[Data provided]
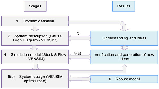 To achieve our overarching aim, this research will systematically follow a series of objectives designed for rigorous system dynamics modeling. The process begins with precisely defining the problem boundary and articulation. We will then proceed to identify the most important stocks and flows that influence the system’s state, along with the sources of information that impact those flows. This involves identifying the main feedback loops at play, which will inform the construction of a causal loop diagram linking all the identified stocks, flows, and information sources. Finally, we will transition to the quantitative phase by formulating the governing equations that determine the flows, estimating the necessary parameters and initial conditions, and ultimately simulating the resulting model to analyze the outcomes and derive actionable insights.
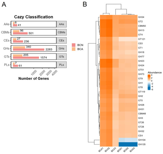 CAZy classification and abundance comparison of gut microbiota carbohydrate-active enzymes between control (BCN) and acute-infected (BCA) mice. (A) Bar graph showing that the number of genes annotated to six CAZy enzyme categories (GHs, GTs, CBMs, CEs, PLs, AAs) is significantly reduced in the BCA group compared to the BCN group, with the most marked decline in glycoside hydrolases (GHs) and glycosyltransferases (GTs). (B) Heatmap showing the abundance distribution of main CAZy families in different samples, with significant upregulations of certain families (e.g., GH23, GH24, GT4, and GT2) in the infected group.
[/Data provided]
[Data provided]
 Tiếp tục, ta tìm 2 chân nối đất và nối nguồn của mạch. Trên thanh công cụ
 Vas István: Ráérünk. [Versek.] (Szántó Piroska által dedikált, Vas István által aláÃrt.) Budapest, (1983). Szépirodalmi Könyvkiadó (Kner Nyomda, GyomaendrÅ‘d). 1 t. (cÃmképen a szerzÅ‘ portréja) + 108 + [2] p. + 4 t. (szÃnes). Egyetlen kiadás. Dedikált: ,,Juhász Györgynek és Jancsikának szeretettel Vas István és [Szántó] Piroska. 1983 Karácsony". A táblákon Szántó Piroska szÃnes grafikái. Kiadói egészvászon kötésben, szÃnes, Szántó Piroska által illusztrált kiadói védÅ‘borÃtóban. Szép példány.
[/Data provided]
Find where the line with "Tiếp tục, ta" sits in the material above, then copy exactly from it through the line with "Vas István: Ráérünk.". Add no other line.

 Tiếp tục, ta tìm 2 chân nối đất và nối nguồn của mạch. Trên thanh công cụ
 Vas István: Ráérünk. [Versek.] (Szántó Piroska által dedikált, Vas István által aláÃrt.) Budapest, (1983). Szépirodalmi Könyvkiadó (Kner Nyomda, GyomaendrÅ‘d). 1 t. (cÃmképen a szerzÅ‘ portréja) + 108 + [2] p. + 4 t. (szÃnes). Egyetlen kiadás. Dedikált: ,,Juhász Györgynek és Jancsikának szeretettel Vas István és [Szántó] Piroska. 1983 Karácsony". A táblákon Szántó Piroska szÃnes grafikái. Kiadói egészvászon kötésben, szÃnes, Szántó Piroska által illusztrált kiadói védÅ‘borÃtóban. Szép példány.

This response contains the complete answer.